ACU insiders say the idea behind many of the changes is to minimize what goes on in Washington and maximize action at the state level, all while combating a reputation for stodginess and even hostility toward the tea party.

“We realized that as a staff we needed to get younger and hungrier,” Keller said. “We want people here who have servants’ hearts, not people who are here because they are trying to advance their own careers.”

The tea party is probably the wrong place to look for support. Mark Meckler, who heads Tea Party Patriots, said that attending one CPAC, in 2010, was enough for him.

“It’s an old-line political organization,” he said. “We just don’t pay attention to it.”

Others, particularly some of the newer faces on Capitol Hill, wonder whether the 47-year-old organization’s board — stacked with old-guard names such as Blackwell, a former aide to Ronald Reagan and John Bolton, President George W. Bush’s ambassador to the United Nations — will stand in the way of its revitalized mission.

The ACU’s leaders say they are keenly aware that the drama of the 2011 conference threatened the group’s credibility as the primary umbrella organization for conservatives.

“ACU should focus on its core competencies: CPAC and ratings,” said Grover Norquist, president of Americans for Tax Reform, who has served on the organization’s board for more than a decade. “Anything else is gravy, slash, dangerous. It could be a problem.”
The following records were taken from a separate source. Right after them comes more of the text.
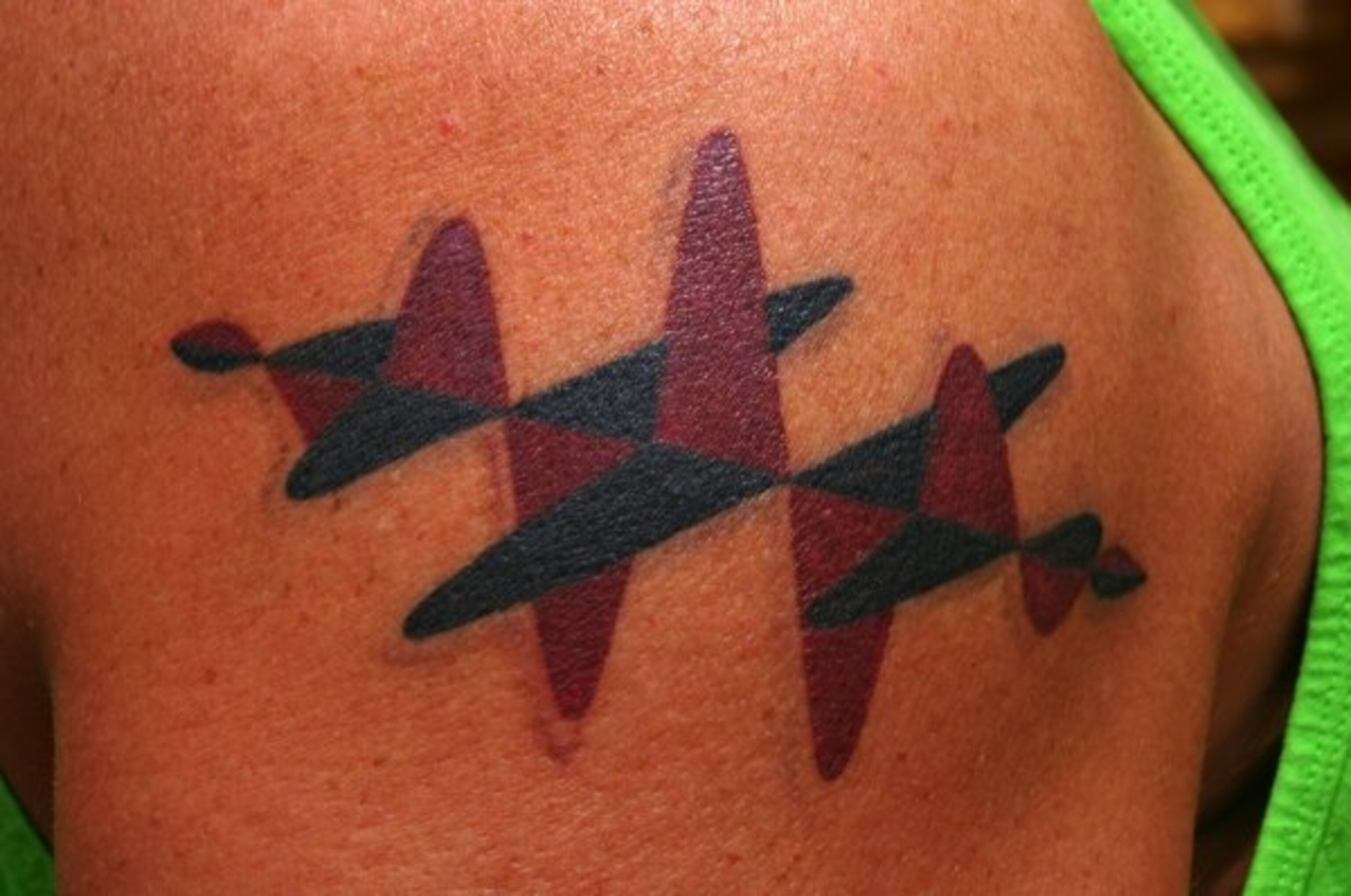 The right shoulder tattoo [CZ: above] is a 3D perspective abstract view of a gaussian photon, a “particle of light,” the red vertical undulations represent the electric field, the black horizontal undulations the magnetic field. It is propagating to the right, seen here as a snapshot in time. The photon is the single most common manner in which information is transmitted from one place in the universe to another. The tattoo artist suggested adding the faint shadows to give it depth, but the real reason I agreed was the ironic (oxymoronic?) humor of a particle of light casting a shadow.
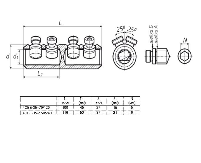 Диапазон сечений (мм2 ): 70-120; 150-240
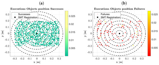 The validation in a pick-and-place simulation scenario demonstrated the robustness and repeatability of the framework, achieving a success rate of over 90%. Examining Figure 11, we observe a decreasing success rate as the object’s location moves further away from the SMT registration point. This decrease is attributed to the increased pose error estimation as objects are positioned near the camera’s field of view boundary. Additionally, from Figure 12a, we notice an increase in time for the vision system to recognize objects located farther away.
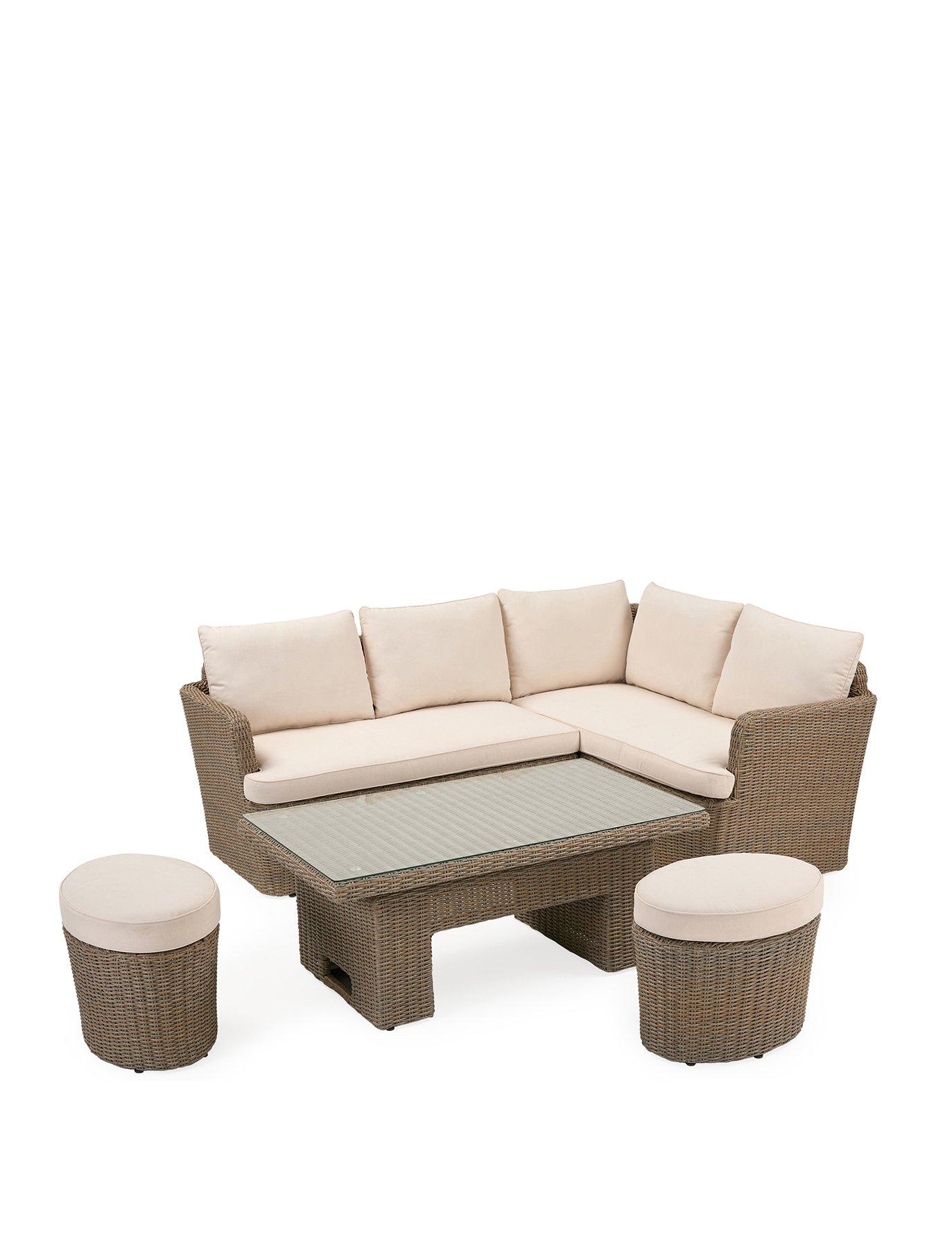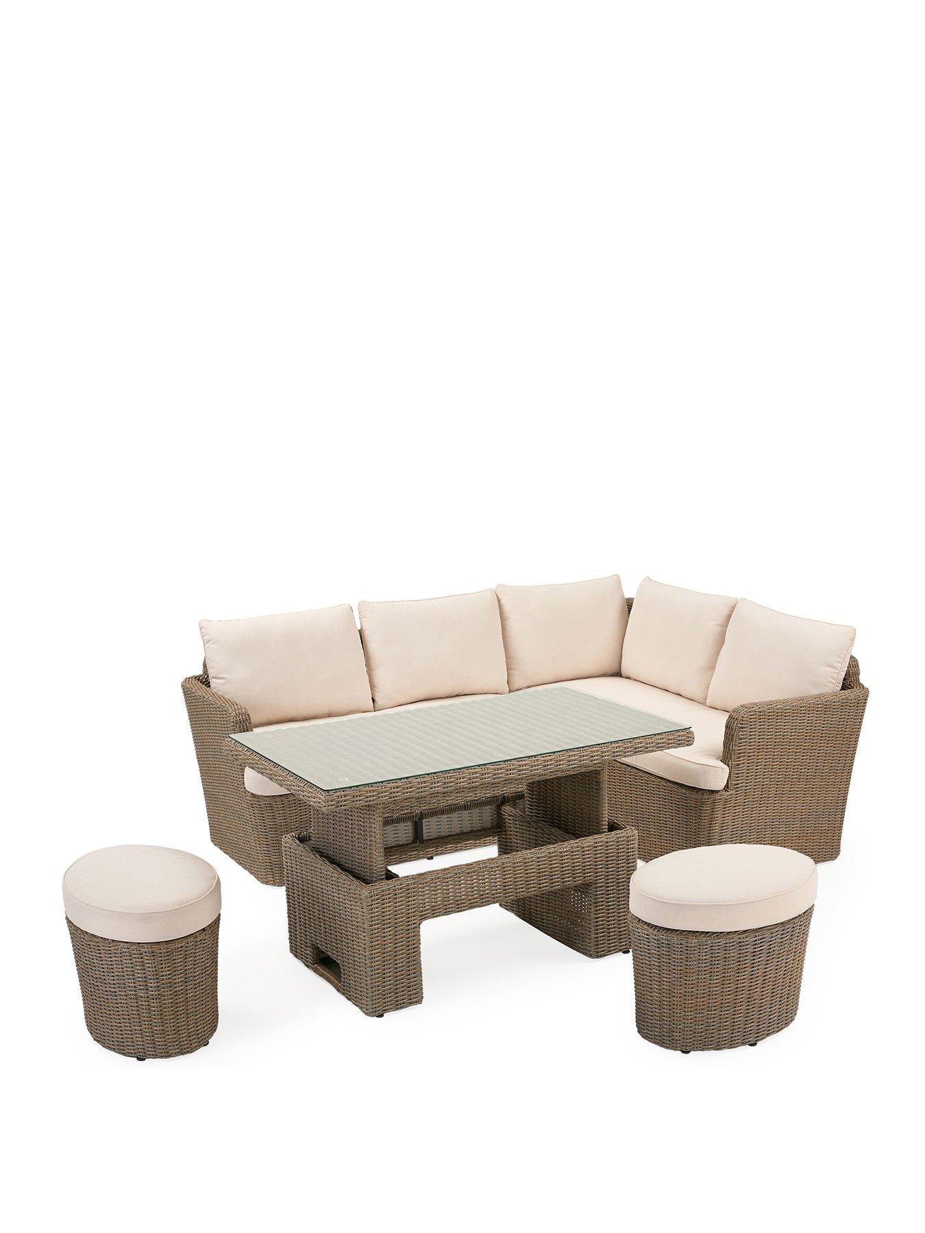 Make the most of your space AND your leisure time with the Albany Corner Dining Set.Compact DesignWith an L shape design, this beautiful and stylish corner set will bring effortless comfort and luxury to gardens and patios where space is at a premium. Lift-Up Table This table always rises to the occasion. At its lowest setting, it is ideal for coffee mornings and chatting with your loved ones. Come meal time, it elevates your dining experience - literally! You can raise the table to enjoy some alfresco dining with your loved ones. Home Comforts With a Breath of Fresh Air With rounded edges and neutral colours, this set has a timeless appeal, fusing contemporary and retro features. The soft cream and beige tones will make the natural colours of your garden pop, bringing a new vibrancy to your home. Durable Aluminium Construction Choosing outdoor furniture with an aluminium base is the perfect way to invest in your leisure time. Not only is aluminium durable and light enough to manoeuvre, but it is naturally resistant to all types of weather conditions and rust - perfect for all-year use.
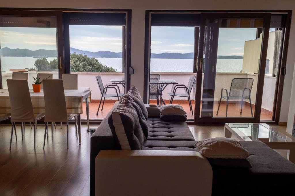 Spacieux appartement de 3 pièces (100 m²) au 2ème étage de la maison rustique Anica, située dans le quartier paisible de Diklo, à seulement 6 km du centre de Zadar et à 100 m de la mer. L'appartement comprend un grand séjour/salle à manger (38 m²) avec télévision par satellite, climatisation et accès à une terrasse avec vue sur la mer. Deux chambres confortables offrent un hébergement flexible : l'une avec un lit double, l'autre avec un lit simple et un lit double, et une salle d'eau privative avec WC. Toutes deux sont climatisées et donnent accès à une terrasse. La cuisine ouverte entièrement équipée comprend un four, un lave-vaisselle, une plaque vitrocéramique, un micro-ondes et une machine à café. Une salle d'eau supplémentaire avec WC et un lave-linge sont à la disposition des hôtes. Trois terrasses exposées plein sud, meublées, offrent une vue sur la mer et sont idéales pour se détendre. Les hôtes bénéficient d'un accès à un grand jardin clos avec pelouse, une aire de jeux pour enfants avec balançoires et un parking privé.
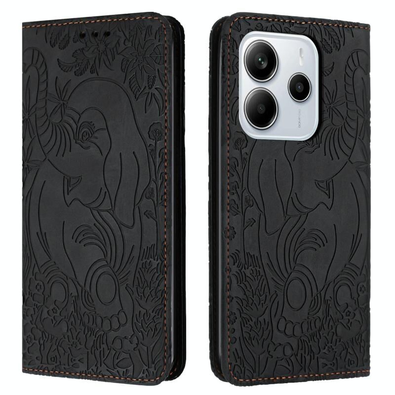 For Redmi Note 14 4G 164.84mm Retro Elephant Embossed Leather Phone Case(Black)
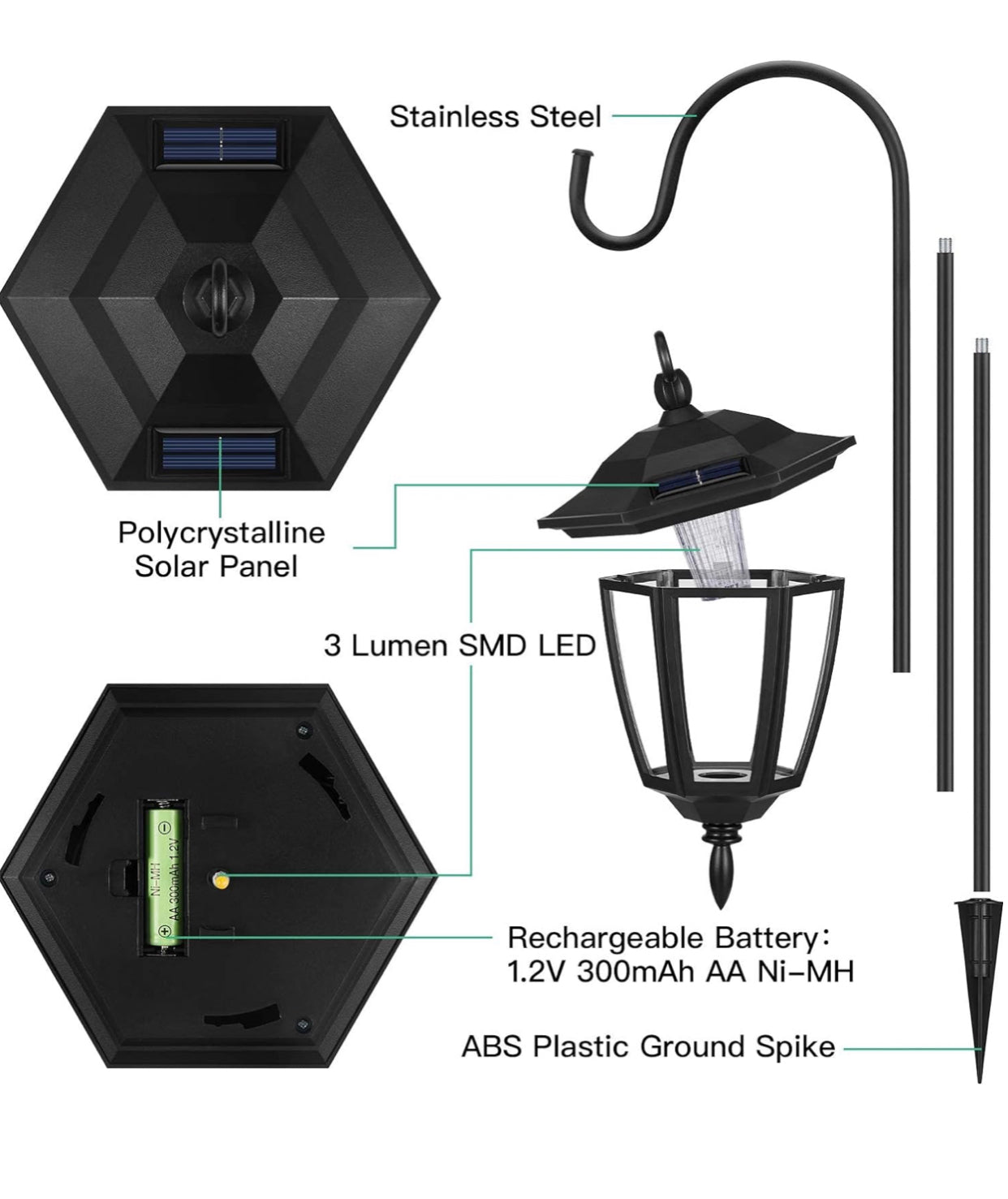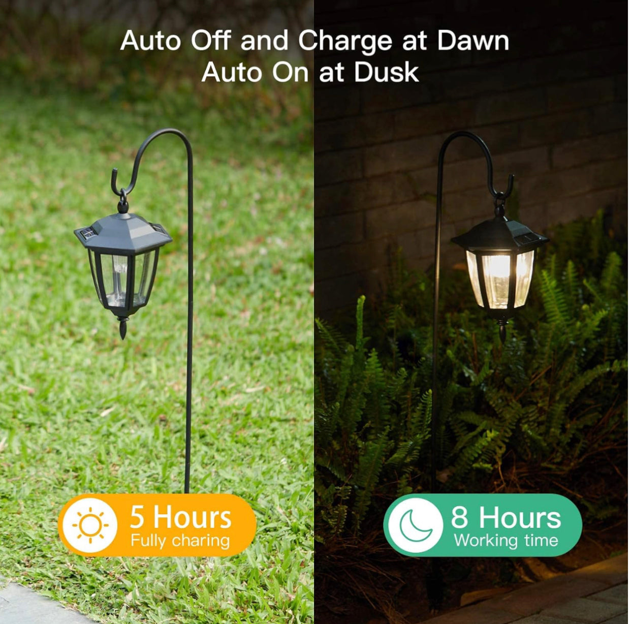 Powered by solar energy, solar panel absorbs direct and full sunlight during the day to charges the battery, the lights can last for 8 hours or more at night.
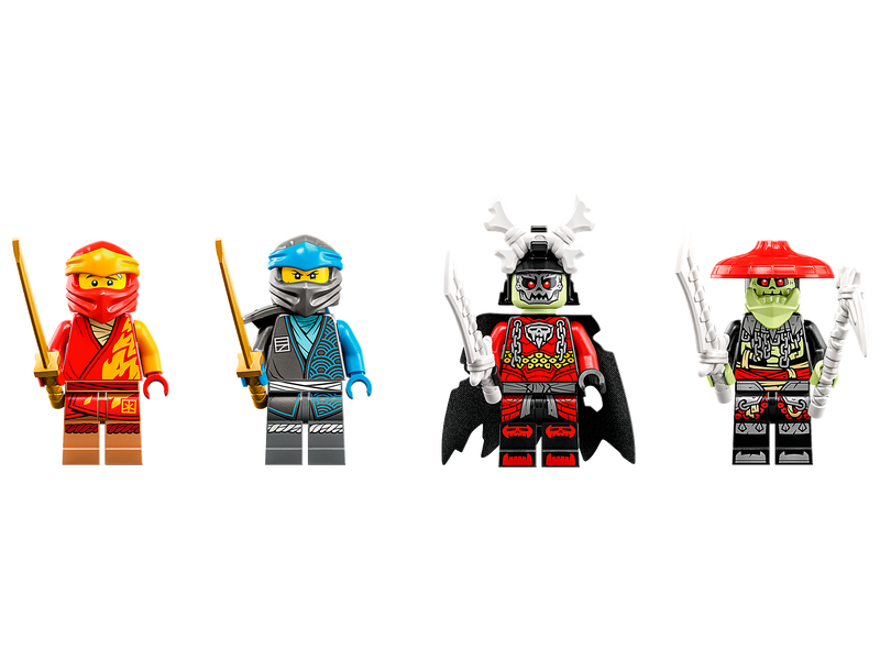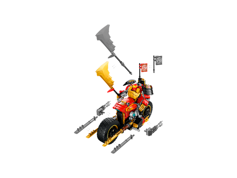 Kais Mech-Bike EVO (71783) ist ein Spielset, das Baumeisterinnen und Baumeister ab 7 Jahren sowie Fans cooler Flitzer eigene packende Duelle zwischen Gut und Böse austragen lässt. Das Set beinhaltet einen beweglichen Mech und ein cooles Bike. Durch ein Upgrade mit goldenen Seitenblenden und einer großen goldenen Klinge kann man das Motorrad in ein noch größeres Modell verwandeln.Duelle zwischen Gut und BöseDieses Bauset beinhaltet 4 Minifiguren: Kai und Nya tragen Schwerter, der Skelett-König schwingt sein eigenes Schwert und der Skelett-Jäger hat eine Knochenhacke und ein Schwert. Wenn dein Kind die Herausforderung meistert, wird es mit dem Banner der Konzentration belohnt, das am Ninja-Bike befestigt werden kann.Cooles digitales Bauerlebnis für LEGO BaumeisterDie LEGO Builder App begleitet dich und dein Kind auf ein leichtes und intuitives Bauabenteuer. Vergrößere und drehe 3D-Ansichten der Modelle, speichere Sets und verfolge deinen Baufortschritt.
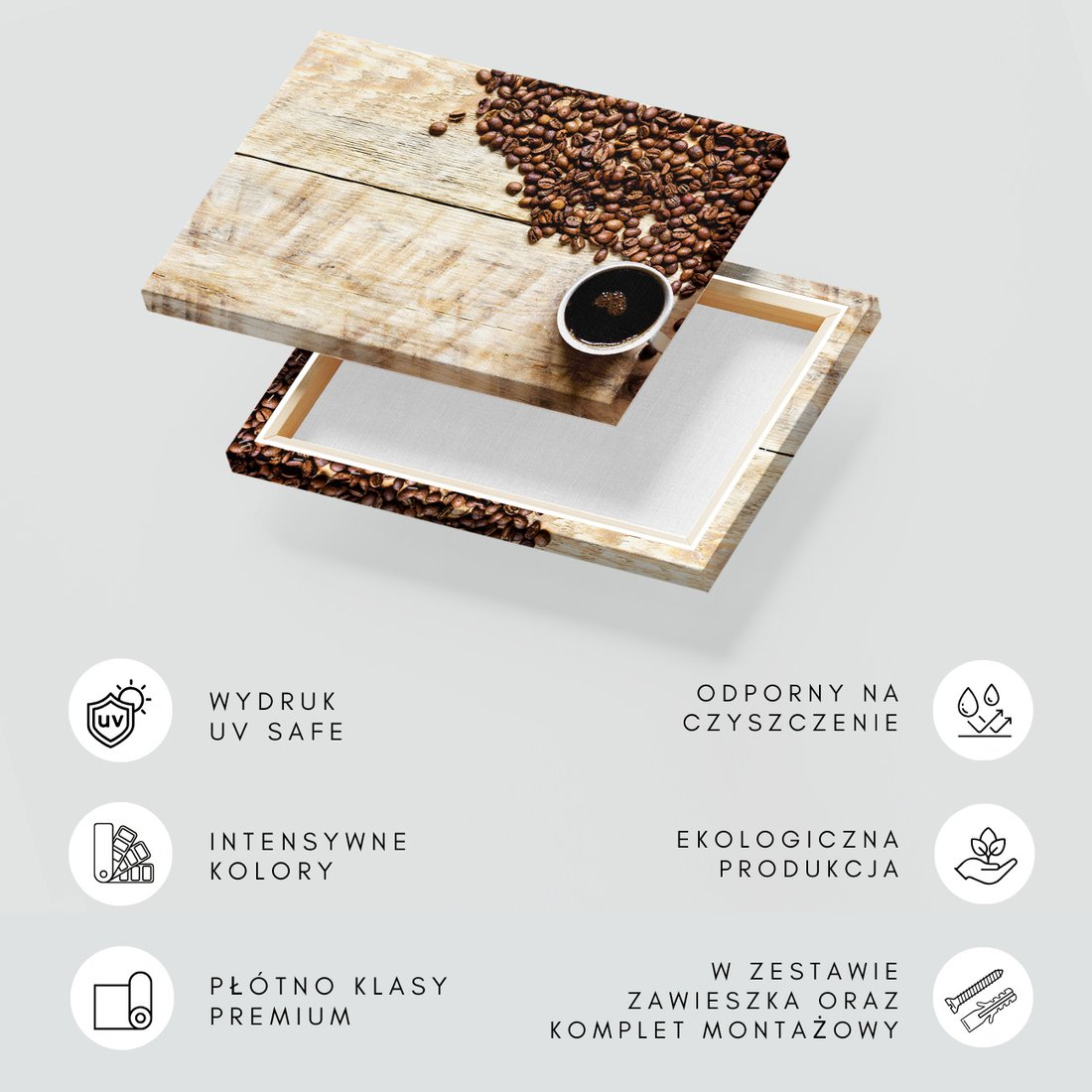 Obraz na płótnie z motywem kawa, ziarna, napój to kwintesencja estetyki i trwałości. Dzięki łatwemu montażowi i uniwersalnemu wzornictwu, czyni go idealnym wyborem zarówno do codziennego użytku, jak i na wyrafinowany prezent.
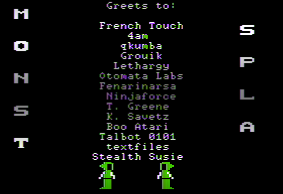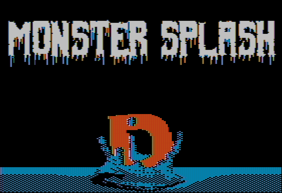 There is some digitized audio here at the beginning though it's a bit hard to hear on my capture. It's a pitched-down version of me saying "Monster Splash" and it was a last-minute addition that nearly broke everything as I was trying to squeeze it in. I was trying to load it into "unused" memory that actually I had been using elsewhere and forgot about. |

He acknowledged, however, that donors are often unwilling to give to an organization that claims to include all elements of the movement.

In 2009, the group received $1.4 million in contributions and spent $1.6 million on salaries and other expenditures, according to documents filed with the IRS. The ACU insisted it was getting stronger financially but declined to disclose details of its current budget. The ACU rarely reports more than $100,000 in lobbying expenses annually.

Its real Washington power comes from pressuring lawmakers with ratings it puts out every two years based on voting records and, of course, the publicity candidates and other conservative leaders can get at CPAC.

That’s why the group plans to extend those two projects to the state level, hosting regional conferences and rating the members of state legislatures. The ACU plans to organize its first local meetings in states such as North Carolina and Pennsylvania, where similar organizations already host annual conferences. Wisconsin, Indiana and Ohio are also priorities.

“Some people at ACU were taking the position that you need to be a big tent for everyone,” said Bozell, adding that he is optimistic the group can turn itself around. “When you stand for everything, you stand for nothing.”